An Evening with Jill Scott
- Promotional poster for tour
- Location: Europe; North America; Oceania;
- Associated album: The Light of the Sun
- Start date: October 7, 2011
- End date: November 27, 2013
- Legs: 3
- No. of shows: 28

Jill Scott concert chronology
- Summer Block Party (2011); An Evening with Jill Scott (2011–2013); Live in the Moment Tour (2018–2019);

= An Evening with Jill Scott =

2011–13 concert tour by Jill Scott

An Evening with Jill Scott was a concert tour by the American recording artist, Jill Scott. Beginning in October 2011, the tour supported her fourth studio album, The Light of the Sun. The tour mainly consisted of Scott performing at music festivals in Europe and North America.
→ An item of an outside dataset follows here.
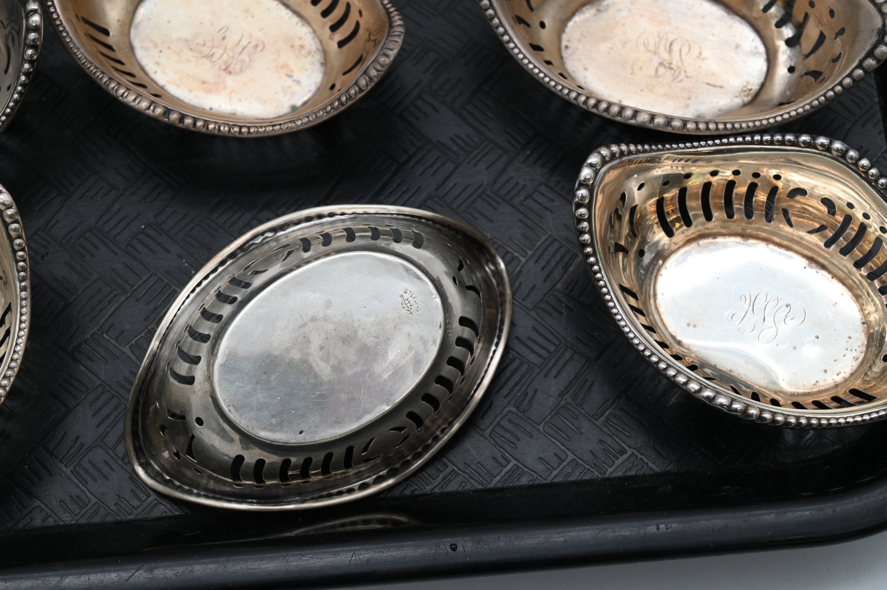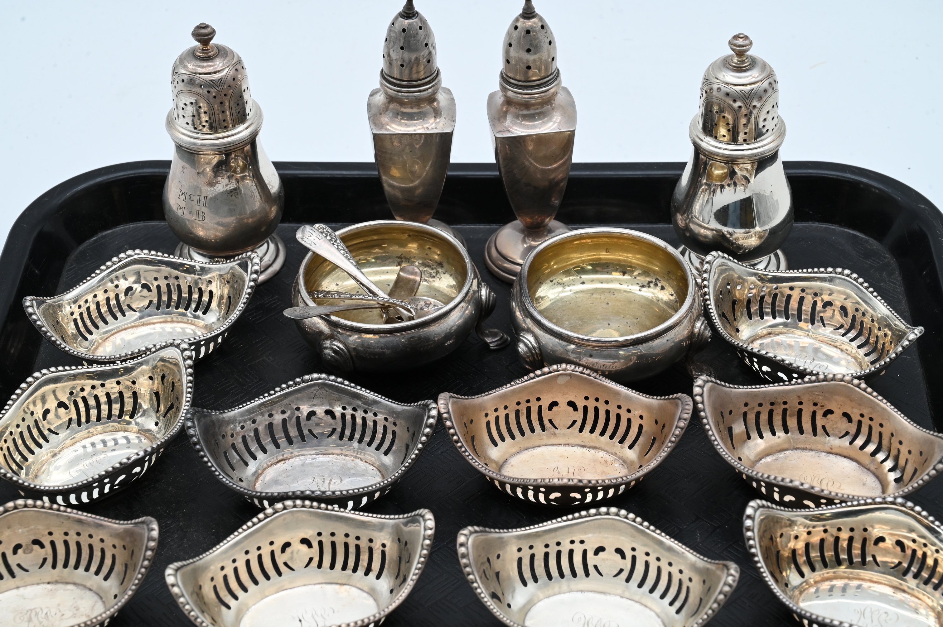to include two pairs of salt / pepper shakers, pair of salts with spoons, and 10 small pierced nut or bon bon dishes

For the first time ever, she also toured Australia in 2013. Shows in Europe were known as: Jill Scott: Live in Europe.

==Opening acts==
- Anthony Hamilton (Tuscaloosa)
- DJ Semtex (London—November 30)
- D'Angelo (Juan-les-Pins)
- Jones Jnr (Australia)

==Tour dates==

List of 2011 concerts
| Date | City | Country | Venue |
| October 7, 2011 | Tuscaloosa | United States | Tuscaloosa Amphitheater |
| October 8, 2011^{[A]} | Mobile | Bienville Square^{[citation needed]} |
| October 11, 2011 | Baltimore | Modell Performing Arts Center |
| October 19, 2011 | Newark | Prudential Hall |
| November 23, 2011^{[B]} | Montgomery | Dunn–Oliver Acadome^{[citation needed]} |
| November 25, 2011 | Atlantic City | Borgata Event Center |
| November 30, 2011 | London | England | O_{2} Academy Brixton |
| December 2, 2011 | Manchester | O_{2} Apollo Manchester |
| December 4, 2011 | Warsaw | Poland | Congress Hall Auditorium |
| December 6, 2011 | Paris | France | Bataclan |
| December 8, 2011 | Amsterdam | Netherlands | Paradiso |

List of 2012 concerts
| Date | City | Country | Venue |
| March 17, 2012^{[C]} | Miami | United States | Sun Life Stadium^{[citation needed]} |
| June 14, 2012 | Chicago | Charter One Pavilion |
| June 17, 2012 | Detroit | Fox Theatre |
| June 21, 2012 | Washington, D.C. | Verizon Center |
| June 23, 2012 | Philadelphia | Mann Center for the Performing Arts^{[citation needed]} |
| June 24, 2012^{[D]} | Hampton | Hampton Coliseum |
| June 28, 2012 | Thackerville | Global Event Center |
| June 30, 2012 | Atlanta | Chastain Park Amphitheater |
| July 6, 2012^{[E]} | Rotterdam | Netherlands | Rotterdam Ahoy^{[citation needed]} |
| July 10, 2012^{[F]} | London | England | Somerset House Courtyard^{[citation needed]} |
| July 12, 2012 | Antibes | France | La Pinède Gould |
| July 17, 2012 | Istanbul | Turkey | Turkcell Kuruçeşme Arena^{[citation needed]} |

List of 2013 concerts
| Date | City | Country | Venue |
| November 19, 2013 | Melbourne | Australia | Palais Theatre^{[citation needed]} |
| November 21, 2013 | Brisbane | The Tivoli^{[citation needed]} |
| November 23, 2013 | Sydney | Enmore Theatre^{[citation needed]} |
November 25, 2013
| November 27, 2013 | Perth | Astor Theatre^{[citation needed]} |

- Festivals and other miscellaneous performances
This concert was a part of "Bayfest"
This concert was a part of the "ASU Homecoming"
This concert was a part of "Jazz in the Gardens"
This concert was a part of the "Hampton Jazz Festival"
This concert was a part of the "North Sea Jazz Festival"
This concert was a part of the "Somerset House Summer Series"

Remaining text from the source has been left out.